SOURCE MATERIAL Block Start

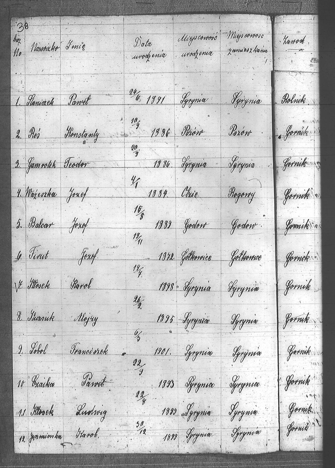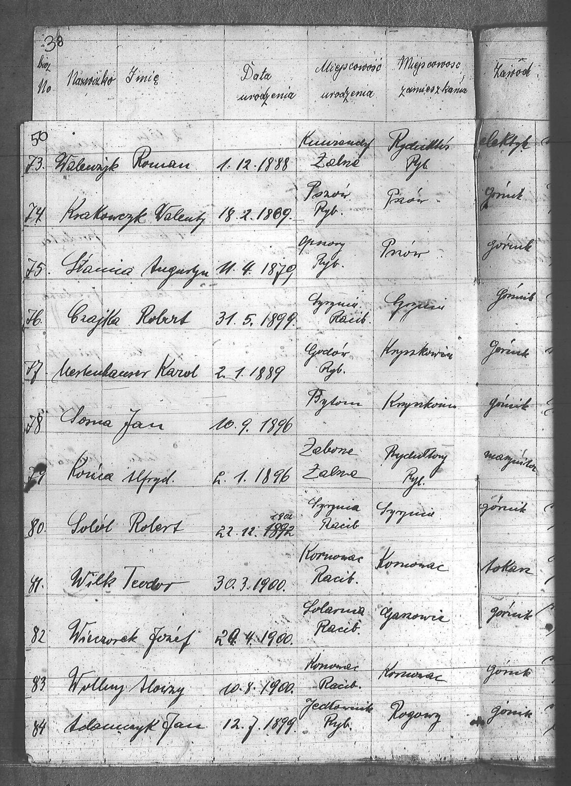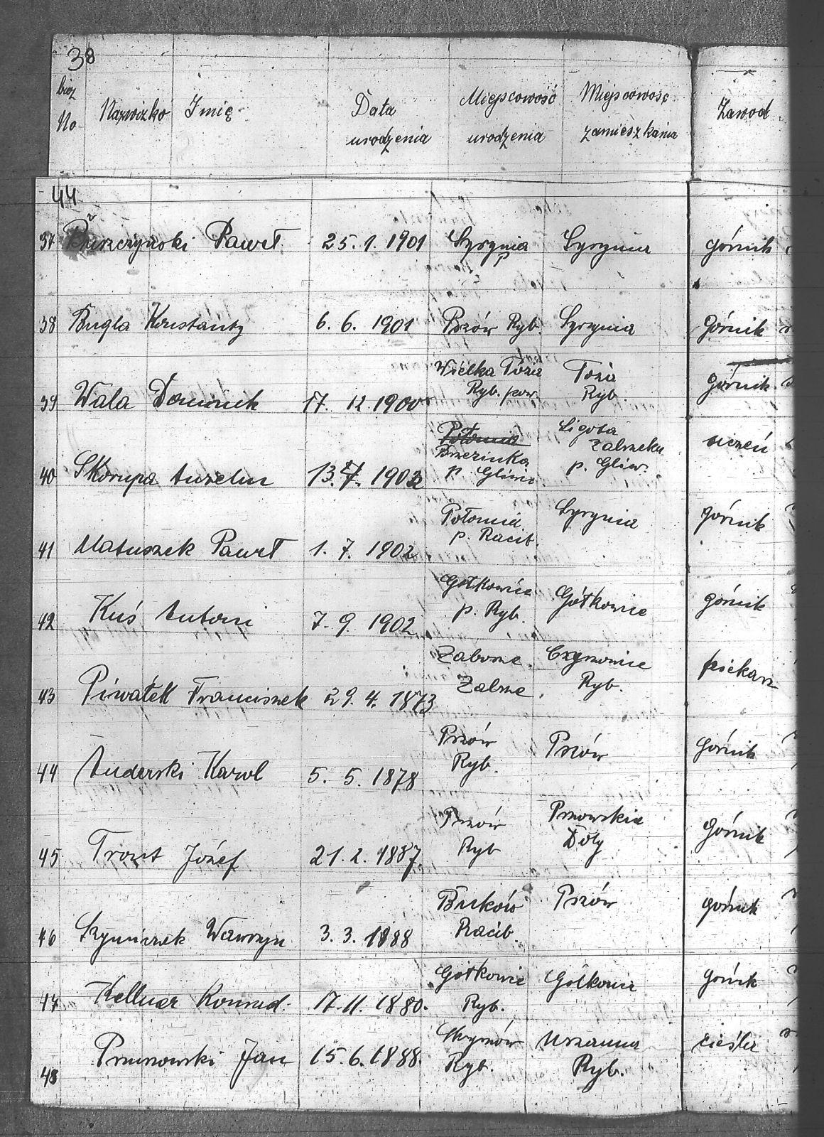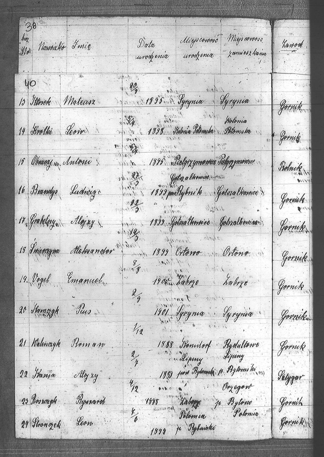Adamczyk, Jan; Anderski, Karol; Balcar, Józef; Bańko, Ludwik; Barnabas, Franciszek; Berger, Konstanty; Boszczek, Ryszard; Brandes, Franciszek; Brandys, Ludwik; Brzezinka, Józef; Bugla, Konstanty; Bugla, Paweł; Bugla, Rajmund; Burzczyński, Paweł; Burzywoda, Walenty; Ceglarski, Józef; Czajka, Franciszek; Czajka, Paweł; Czajka, Robert; Firut, Józef; Frydrych, Jan; Furgoł, Piotr; Gamrotek, Teodor; Gasz, Adolf; Godowski, Antoni; Grobelny, Alojzy; Jargoń, Mateusz; Jęczmionka, Karol; Jęczmionka, Karol II; Jęczmionka, Teodor; Jochem, Antoni; Kamczyk, Pius; Kania, Alojzy; Kellner, Konrad; Kłosek, Alojzy; Kłosek, Karol; Kłosek, Ludwig; Kłosek, Mateusz; Koczy, Teoofil; Kollorz, Wilhelm; Kotula, Józef; Kotulla, Franciszek; Kowalczyk, Józef; Kozica, Alfred; Kozider, Mikołaj; Kozioł, Alojzy; Krakowczyk, Walenty; Krótki, Leon; Kubica, Jan; Kura, Franciszek; Kuś, Antoni; Kuznik, Alojzy; Łukaszczyk, Teofil; Matuszek, Paweł; Mazurek, Ludwik; Merkuhauser, Karol; Miczek, Franciszek; Niemiec, Józef; Nier, Franciszek; Obracaj, Antoni; Ochmann, Józef; Olszewski, Emil; Piwałek, Franciszek; Pnunowski, Jan; Pytlik, Wincenty; Reś, Konstanty; Serwatka, Aleksander; Sittek, Emil; Siwek, Paweł; Skorupa, Anzelm; Slronczek, Leon; Sobik, Józef; Sobol, Franciszek; Soból, Robert; Sonicka, Maksymilian; Sosna, Franciszek; Sosna, Jan; Stania, Augustyn; Staniczek, Paweł; Stryczek, Jan; Szafran, Ludwik; Szulik, Wincenty; Szuła, Piotr; Szymiczek, Wawrzyn; Szymura, Emil; świerczyna, Aleksander; Talaska, Bolesław; Tkocz, Jerzy; Toszek, Franciszek; Tront, Józef; Trydrych, Ignacy; Vogel, Emanuel; Wala, Dominik; Walenczyk, Roman; Waleńczyk, Roman; Warzeszka, Józef; Wawrorz, Jan; Wiatr, Jan; Wieczorek, Józef; Wilk, Teodor; Wollny, Alojzy; Zembok, Paweł; Zganiacz, Franciszek; Zientek, Franciszek; Zientek, Teodor; Żuler, Augustyn; |
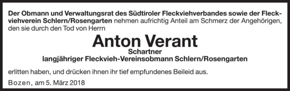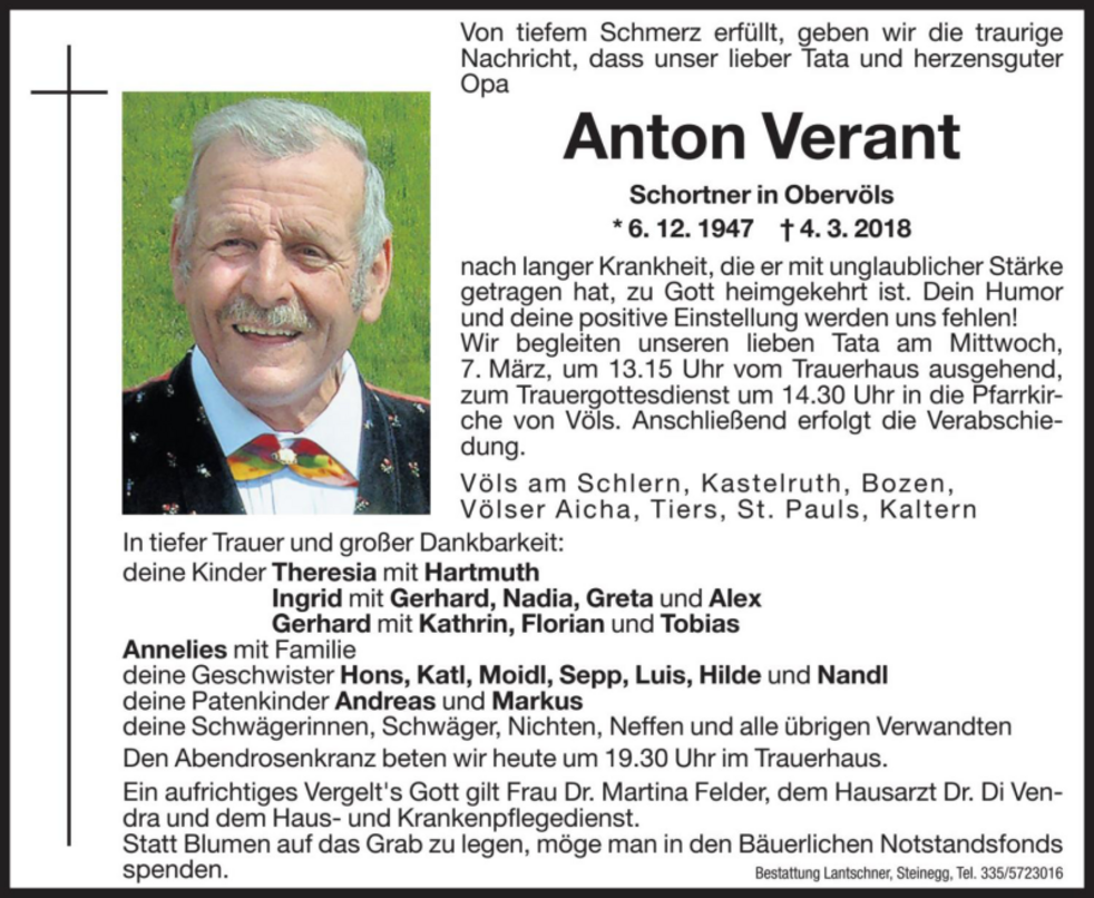 Statt Blumen auf das Grab zu legen, möge man in den Bäuerlichen Notstandsfonds spenden.
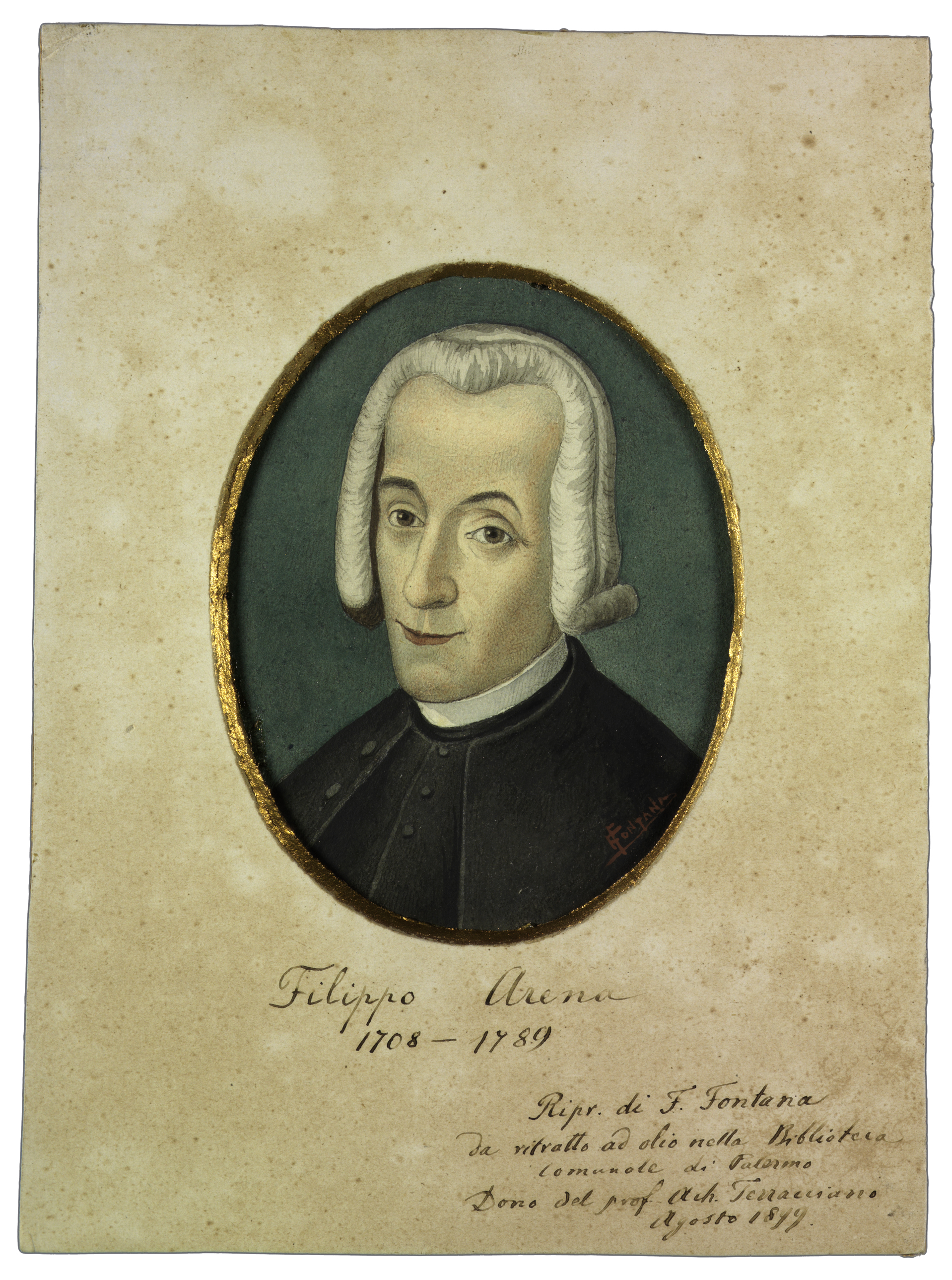 Nota manoscritta sul verso: Filippo Arena da Piazza Armerina (Sicilia) nato nel 1708 morto nel 1789 dalla bibblioteca comunale di Palermo.
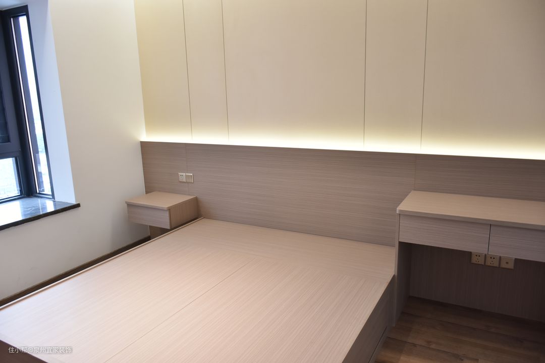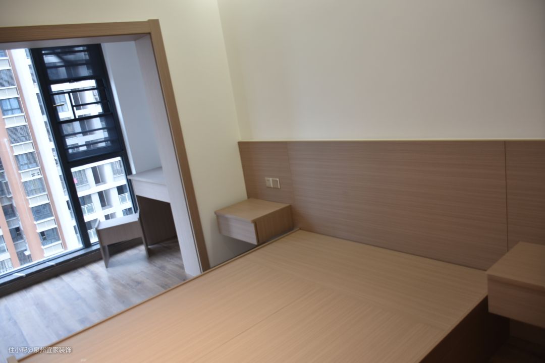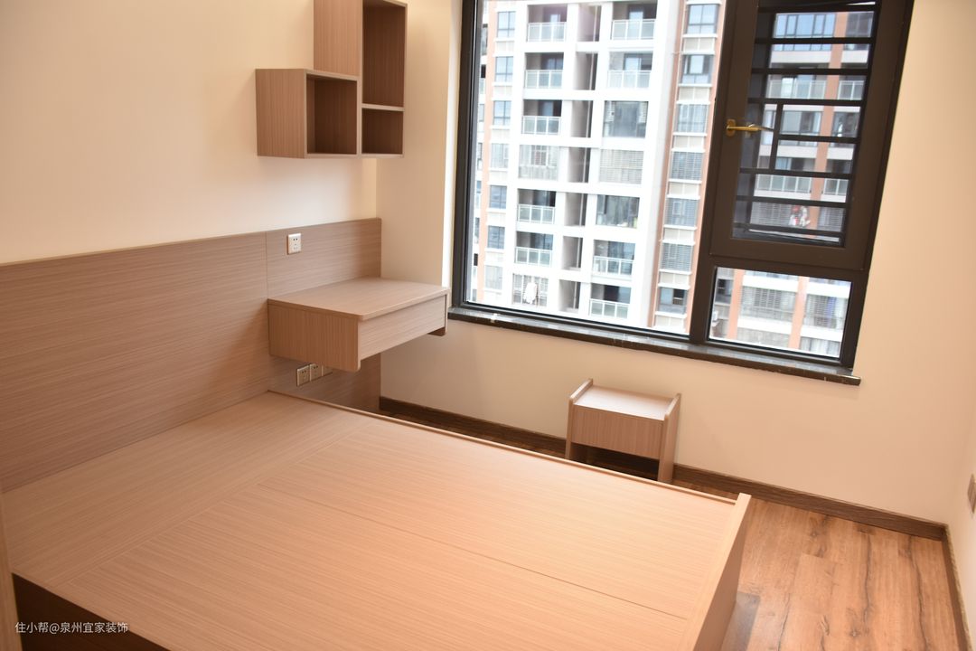 三个卧室均使用板材做的床,造价便宜,使用方便,窗下有设计推拉橱柜可以存放衣物被褥等物品。
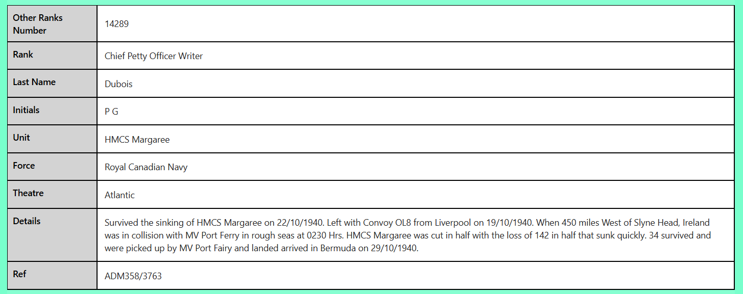 14289 Chief Petty Officer Writer P G Dubois Royal Canadian Navy
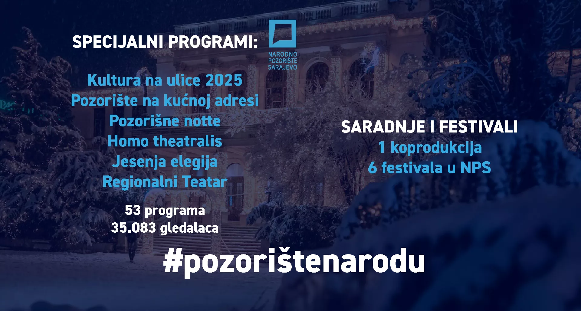 Publika je mogla uživati u specijalnim programima Narodnog pozorišta Sarajevo „Kultura na ulice 2025!“, „Pozorište na kućnoj adresi“, „Pozorišne notte“, „Homo theatralis“, „Jesenja elegija“, „Regionalni teatar“ te „Kaleidoskop teatra kroz objektiv mladih“.
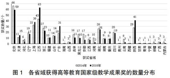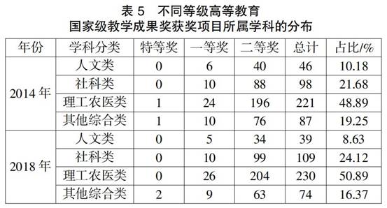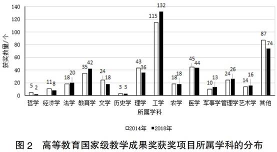 5. 优化学科结构。“学科是大学的细胞,是大学的技术核心领域”,优化学科布局是建设世界一流大学、实现高等教育现代化的应有之义。统计显示,近两届获奖项目所属学科的分布很不均匀,理工农医类居多,哲学、历史学等传统人文学科的获奖数极少。人文社会科学是人类关于世界观、人生观、价值观的生命体悟、理论认识和科学思维,是对社会发展、社会运行和社会管理规律认识和实践的科学。2018年5月4日,教育部高等教育司司长吴岩在教育部产学合作协同育人项目对接会中要求,“全面推进‘新工科、新医科、新农科、新文科’等建设,推出‘卓越拔尖计划’2.0版,形成覆盖全部学科门类的中国特色、世界水平的一流本科专业集群,为2035年建成高等教育强国、实现中国教育现代化提供有力支撑”。因此,笔者建议高等教育国家级教学成果奖评选应在学科之间做适当平衡,缩小人文社科与理工学科获奖项目的数量差距。就省域和高校而言,则要因地制宜、因校制宜,明确发展定位,集中优势资源,打造优势学科专业,彰显办学特色。
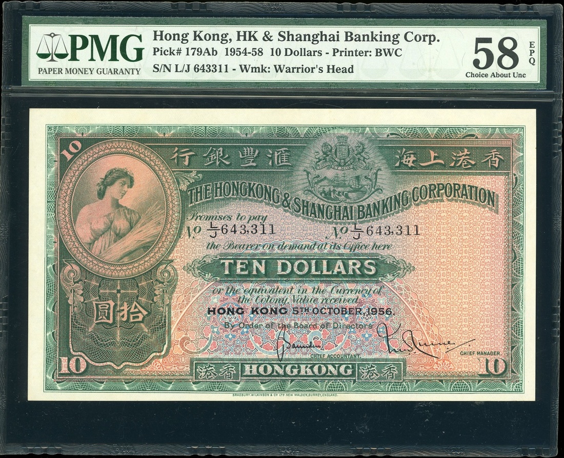 1956年香港上海匯豐銀行10元,編號L/J 643311,PMG58EPQ

SOURCE MATERIAL Block End

This task calls for the records to be copied exactly, without pictures.

ANSWER TO THIS EXERCISE
Adamczyk, Jan; Anderski, Karol; Balcar, Józef; Bańko, Ludwik; Barnabas, Franciszek; Berger, Konstanty; Boszczek, Ryszard; Brandes, Franciszek; Brandys, Ludwik; Brzezinka, Józef; Bugla, Konstanty; Bugla, Paweł; Bugla, Rajmund; Burzczyński, Paweł; Burzywoda, Walenty; Ceglarski, Józef; Czajka, Franciszek; Czajka, Paweł; Czajka, Robert; Firut, Józef; Frydrych, Jan; Furgoł, Piotr; Gamrotek, Teodor; Gasz, Adolf; Godowski, Antoni; Grobelny, Alojzy; Jargoń, Mateusz; Jęczmionka, Karol; Jęczmionka, Karol II; Jęczmionka, Teodor; Jochem, Antoni; Kamczyk, Pius; Kania, Alojzy; Kellner, Konrad; Kłosek, Alojzy; Kłosek, Karol; Kłosek, Ludwig; Kłosek, Mateusz; Koczy, Teoofil; Kollorz, Wilhelm; Kotula, Józef; Kotulla, Franciszek; Kowalczyk, Józef; Kozica, Alfred; Kozider, Mikołaj; Kozioł, Alojzy; Krakowczyk, Walenty; Krótki, Leon; Kubica, Jan; Kura, Franciszek; Kuś, Antoni; Kuznik, Alojzy; Łukaszczyk, Teofil; Matuszek, Paweł; Mazurek, Ludwik; Merkuhauser, Karol; Miczek, Franciszek; Niemiec, Józef; Nier, Franciszek; Obracaj, Antoni; Ochmann, Józef; Olszewski, Emil; Piwałek, Franciszek; Pnunowski, Jan; Pytlik, Wincenty; Reś, Konstanty; Serwatka, Aleksander; Sittek, Emil; Siwek, Paweł; Skorupa, Anzelm; Slronczek, Leon; Sobik, Józef; Sobol, Franciszek; Soból, Robert; Sonicka, Maksymilian; Sosna, Franciszek; Sosna, Jan; Stania, Augustyn; Staniczek, Paweł; Stryczek, Jan; Szafran, Ludwik; Szulik, Wincenty; Szuła, Piotr; Szymiczek, Wawrzyn; Szymura, Emil; świerczyna, Aleksander; Talaska, Bolesław; Tkocz, Jerzy; Toszek, Franciszek; Tront, Józef; Trydrych, Ignacy; Vogel, Emanuel; Wala, Dominik; Walenczyk, Roman; Waleńczyk, Roman; Warzeszka, Józef; Wawrorz, Jan; Wiatr, Jan; Wieczorek, Józef; Wilk, Teodor; Wollny, Alojzy; Zembok, Paweł; Zganiacz, Franciszek; Zientek, Franciszek; Zientek, Teodor; Żuler, Augustyn; |
 Statt Blumen auf das Grab zu legen, möge man in den Bäuerlichen Notstandsfonds spenden.
 Nota manoscritta sul verso: Filippo Arena da Piazza Armerina (Sicilia) nato nel 1708 morto nel 1789 dalla bibblioteca comunale di Palermo.
 三个卧室均使用板材做的床,造价便宜,使用方便,窗下有设计推拉橱柜可以存放衣物被褥等物品。
 14289 Chief Petty Officer Writer P G Dubois Royal Canadian Navy
 Publika je mogla uživati u specijalnim programima Narodnog pozorišta Sarajevo „Kultura na ulice 2025!“, „Pozorište na kućnoj adresi“, „Pozorišne notte“, „Homo theatralis“, „Jesenja elegija“, „Regionalni teatar“ te „Kaleidoskop teatra kroz objektiv mladih“.
 5. 优化学科结构。“学科是大学的细胞,是大学的技术核心领域”,优化学科布局是建设世界一流大学、实现高等教育现代化的应有之义。统计显示,近两届获奖项目所属学科的分布很不均匀,理工农医类居多,哲学、历史学等传统人文学科的获奖数极少。人文社会科学是人类关于世界观、人生观、价值观的生命体悟、理论认识和科学思维,是对社会发展、社会运行和社会管理规律认识和实践的科学。2018年5月4日,教育部高等教育司司长吴岩在教育部产学合作协同育人项目对接会中要求,“全面推进‘新工科、新医科、新农科、新文科’等建设,推出‘卓越拔尖计划’2.0版,形成覆盖全部学科门类的中国特色、世界水平的一流本科专业集群,为2035年建成高等教育强国、实现中国教育现代化提供有力支撑”。因此,笔者建议高等教育国家级教学成果奖评选应在学科之间做适当平衡,缩小人文社科与理工学科获奖项目的数量差距。就省域和高校而言,则要因地制宜、因校制宜,明确发展定位,集中优势资源,打造优势学科专业,彰显办学特色。
 1956年香港上海匯豐銀行10元,編號L/J 643311,PMG58EPQ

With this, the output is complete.